The Responsibility of Corporate Boards in Fighting Modern Slavery

By Rachel Risoleo

In the fight against modern slavery, most people look to nonprofits and government agencies. But businesses and their boards of directors can be great allies on the front lines.

In a Forbes article published last week, Bob Eccles investigates the role a company’s board of directors can play to combat forced labor within complex global supply chains. Taking an in-depth look at corporate responsibility, the article questions American businesses’ obligation to maintain transparency on forced labor in their supply chains. Indeed, according to Eccles, a whopping 92 percent of investors are pressuring companies to increase transparency regarding environmental, social, and governance issues. Given the research, it appears that many are heeding that call.

As human trafficking becomes a priority for governments and more understood by consumers and investors, companies are playing a more active role in uncovering and addressing slave labor in their supply chains. Driven by concerns about increased regulation and consumer and investor push-back, many companies are realizing that involvement from their corporate boards—to build interest in, enact, and enforce policies to mitigate forced labor—is key to ensuring that their brands and profits do not suffer. Corporate boards are tasked with identifying the issues facing a business and dictating policies to mitigate their impact. Boards are unique because they assess these issues while maintaining a careful balance with the interests of the company’s investors and financial success.

As Eccles points out, the failure of company boards to enact policies that eliminate forced labor in supply chains can have devastating consequences. Consumer influence is a key tool for delivering those consequences and should not be overlooked.

Consumer pressure can have a lasting impact on a company’s profits, brand, and morale. Eccles cites industries such as agriculture, food products, and manufacturing as among those most likely to be affected by a strong consumer response to modern slavery.

Of course, more can be done to eliminate forced labor in American companies’ supply chains, but forced labor in complex supply chains is not easy to combat. In our global economy, goods and products often travel through many countries and sectors before being sold, making it easy to be unaware of human trafficking abuses.

To further combat this, some states have begun taking a more aggressive stance to regulate supply chains in addition to already-existing company policies. In California, the Transparency in Supply Chains Act requires companies headquartered or operating in the state to disclose their efforts to eradicate human trafficking. Statewide, approximately 3,200 companies are required to adhere to this law.

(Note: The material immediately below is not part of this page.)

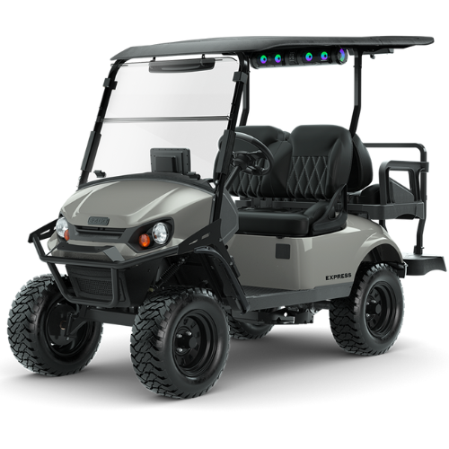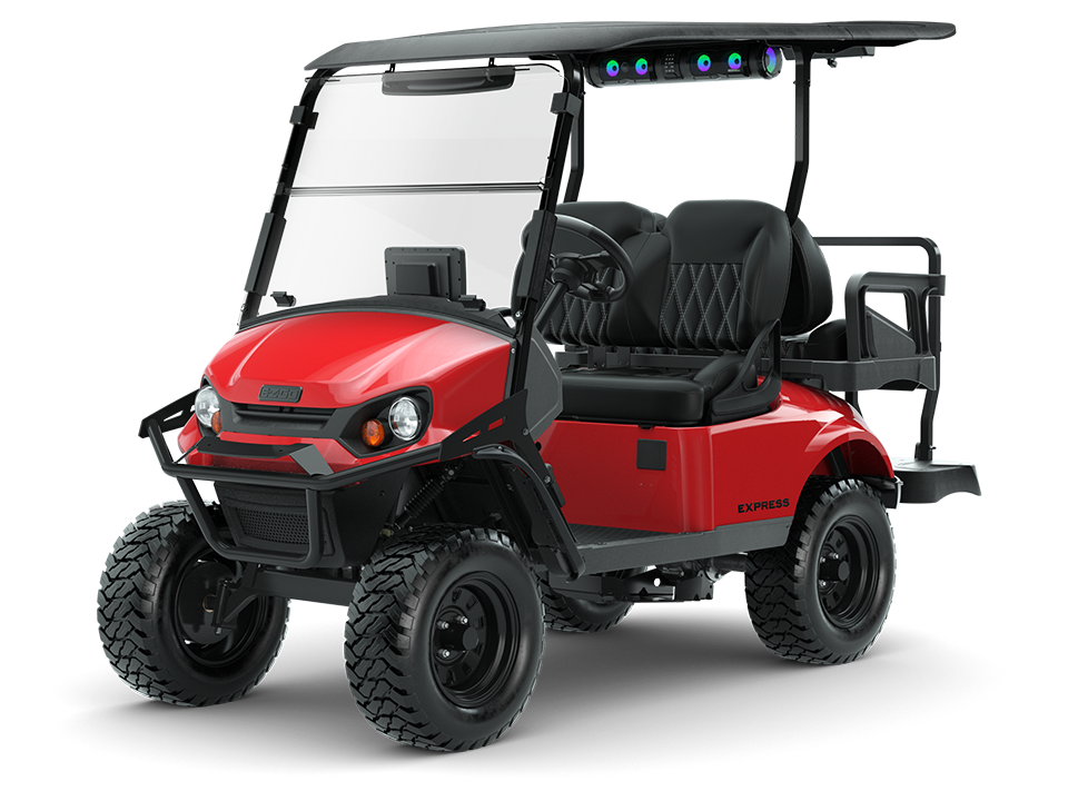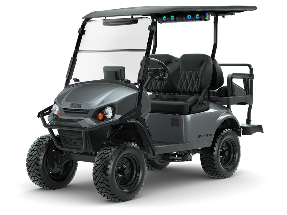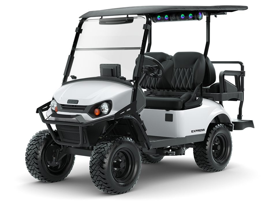 The E-Z-GO® Express 4 is engineered to perform. Enjoy LED headlights, lifted and standard ride height options, and premium offerings for the perfect ride. With all-new Technology packages and luxury seating options, every turn of the ignition is the start of a great time.

Failure to do so can lead to fines and greater legal repercussions, both of which could permanently tarnish a brand.

California’s example should be followed on a national scale. Regardless of a business’s anti-trafficking efforts, regulatory bodies should continue to require companies to disclose their policies publicly. Likewise, to effectively solve trafficking in supply chains, laws and policies will have to create a level playing field. Rather than experiencing decreased revenues, companies must be rewarded for increased time and funds spent creating and enforcing robust anti-trafficking policies.

As Eccles points out, eradicating modern slavery cannot be accomplished with one change, but instead requires action by all those able to make real changes. Companies with global supply chains, economic influence, and a direct ability to end worker suffering in their supply chains have that power. Furthermore, consumers should continue to hold company brands responsible for failure to address forced labor. The work already being done by some company boards and consumers across the globe should be applauded.

Companies that have not yet initiated plans to combat trafficking should look to others for an example. Additionally, as consumers both in the United States and around the world, we should strive to reward brands doing the most to eradicate this crime. We must do our part to ensure that we are not providing a market for slavery.